Don't look now, but you might be in love


Dear Carolyn: i recently moved 1,800 miles away from home to attend graduate school and planned on staying single and meeting new people. yet when i came here i met a girl who happens to be my age and grew up only five miles from my hometown. we hit it off great at first, then slowly went from friends to dating and more than friends, but then it became rapidly confusing for me.
she is in my department, so if something happens with our relationship it will be really awkward.
at the same time, i like this girl, but i don't LOVE her like i have loved other girls in my past. the special butterfly feelings just are not there.
yet when i spend time with her we get along so well that she grows on me and i really start to like her.

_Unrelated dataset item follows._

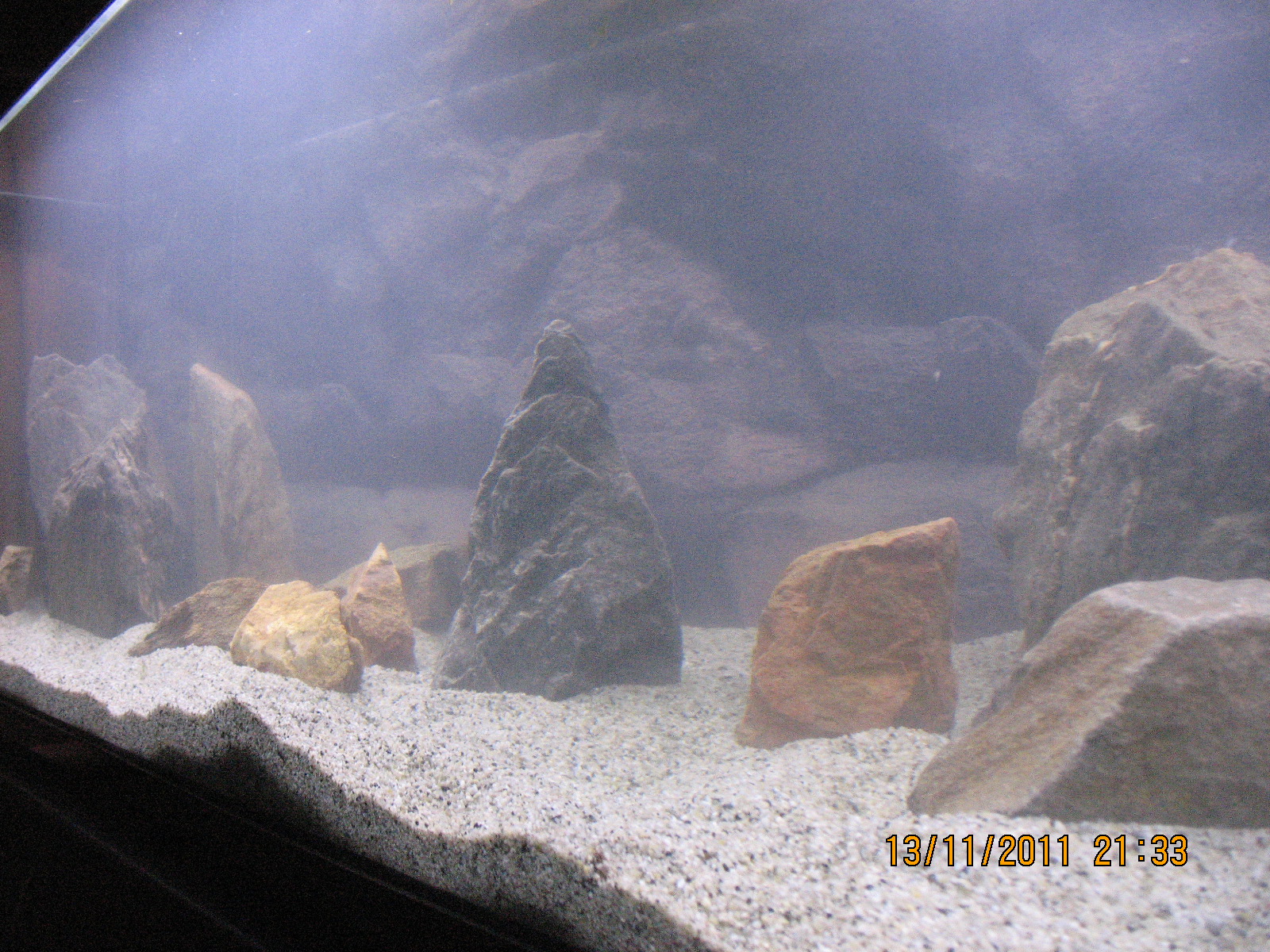 Вот такая картина после первичной расстановки камней и установки внутреннего фильтра.

but after she leaves i really don't think much of her and think about asking out a girl in my economics class.
what should i do?
-Confused
(and the reply)
what i want to say: Love her! Love her! Love her! you're describing everything that will make you so happy to see her padding around in your kitchen 10, 25, 40 years' worth of mornings from now.
well, almost everything.
what i need to say, given that afore-said "almost": befriend if you want, but don't ask out other girls - not yet. and don't dismiss this girl-next-door girl just because you don't feel butterflies.
not yet.
not until you give your feelings for her a chance to show you where they're going.

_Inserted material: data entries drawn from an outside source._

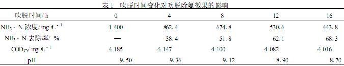 試驗廢水的pH值一(yi)(yi)般為718—910,為了將其中的氨(an)(an)氮(dan)充分轉(zhuan)化為游離(li)氨(an)(an),提高(gao)吹(chui)脫除(chu)氨(an)(an)的效果,用(yong)石(shi)灰水調節廢水的pH值至915左右。雖然(ran)pH值越高(gao)越有利于滲濾液(ye)中的氨(an)(an)氮(dan)充分轉(zhuan)化為游離(li)氨(an)(an),但是(shi)過高(gao)的pH值不(bu)僅要求在調節時(shi)投入(ru)(ru)大量石(shi)灰,而且(qie)在吹(chui)脫處(chu)理(li)后,還要將過高(gao)的堿性(xing)用(yong)酸調節到接(jie)近中性(xing),才(cai)能進入(ru)(ru)后續生化處(chu)理(li)系統,這(zhe)一(yi)(yi)系列的操作(zuo)無疑會增加運行成本和運行操作(zuo)的難度(du)。綜合考慮,選擇915作(zuo)為吹(chui)脫除(chu)氨(an)(an)時(shi)的pH值為最佳(jia)。改變吹(chui)脫時(shi)間,取(qu)樣測(ce)定(ding)不(bu)同吹(chui)脫時(shi)間出水的氨(an)(an)氮(dan)、CODCr、pH值,見表1。
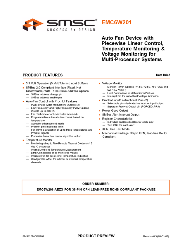 EMC6W201 Auto Fan Device with Piecewise Linear Control, Temperature Monitoring - EMC6W201 Auto Fan Device with Piecewise Linear Control, Temperature Monitoring and Voltage Monitoring for Multi-Processor System Data Brief
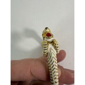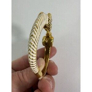 The Kenneth Jay Lane Enamel White Red Jeweled Double Ram Head Bracelet is a stunning piece of jewelry featuring an oval-shaped design with a multicolor enamel finish. The bracelet is made of gold tone metal and has a bangle style, making it a perfect accessory for all occasions. The unique double ram head charm adds an animal and insect theme to the piece, making it a standout accessory for any outfit. Made in China by the renowned Kenneth Jay Lane brand, this bracelet is a stylish and eye-catching addition to any jewelry collection.

being in love and being in butterflies aren't necessarily the same thing. love based in character and compatibility and respect is slow to build because it's rooted well below the skin, and it's enduring for the same reason. and butterflies, they're special, but think - when have they not flown away?

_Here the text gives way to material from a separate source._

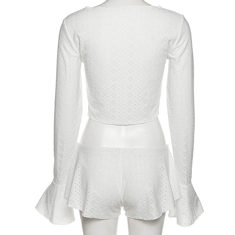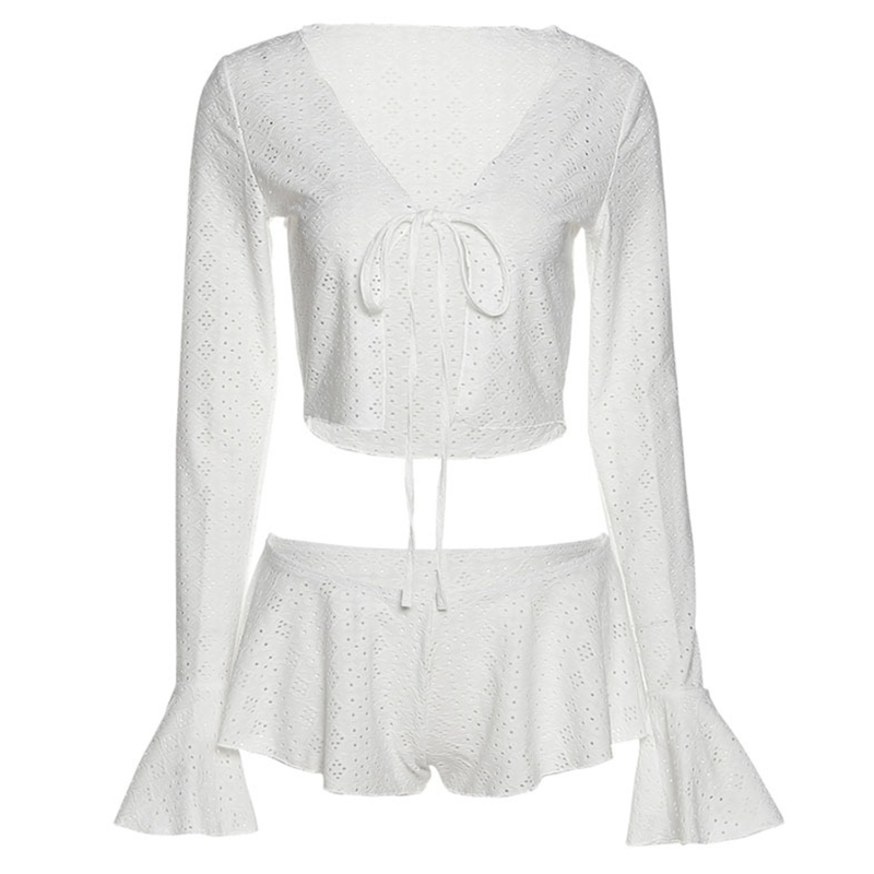 Сексапильный укороченный топ из 2 предметов + мини-шорты; Купальник; Сплошной цвет; Открытая вышивка; Цветочный узор.
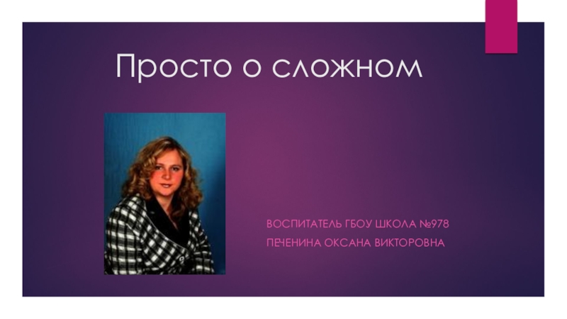 Просто о сложномВоспитатель ГБОУ Школа №978Печенина оксана Викторовна

maybe what you're feeling is bigger, but so new to you that you don't recognize it.
or maybe it isn't and it's destined to thud dully and awkwardly and intradepartmentally.
either way - the grows-on-you process is ongoing, so let it go on, with the expressed understanding that any progress needs to be slow. (blame it on your academic proximity if you must, since it does account for a substantial share of your hesitation.)
and if your feelings sag, get out quickly, behave maturely and the awkwardness won't be so bad. but when...OK, if, when you least expect it, you catch yourself looking for her in crowded hallways, and wanting to tell her things, and missing her as soon as she leaves the room, that's when you'll be rid of the "almost," leaving you with everything.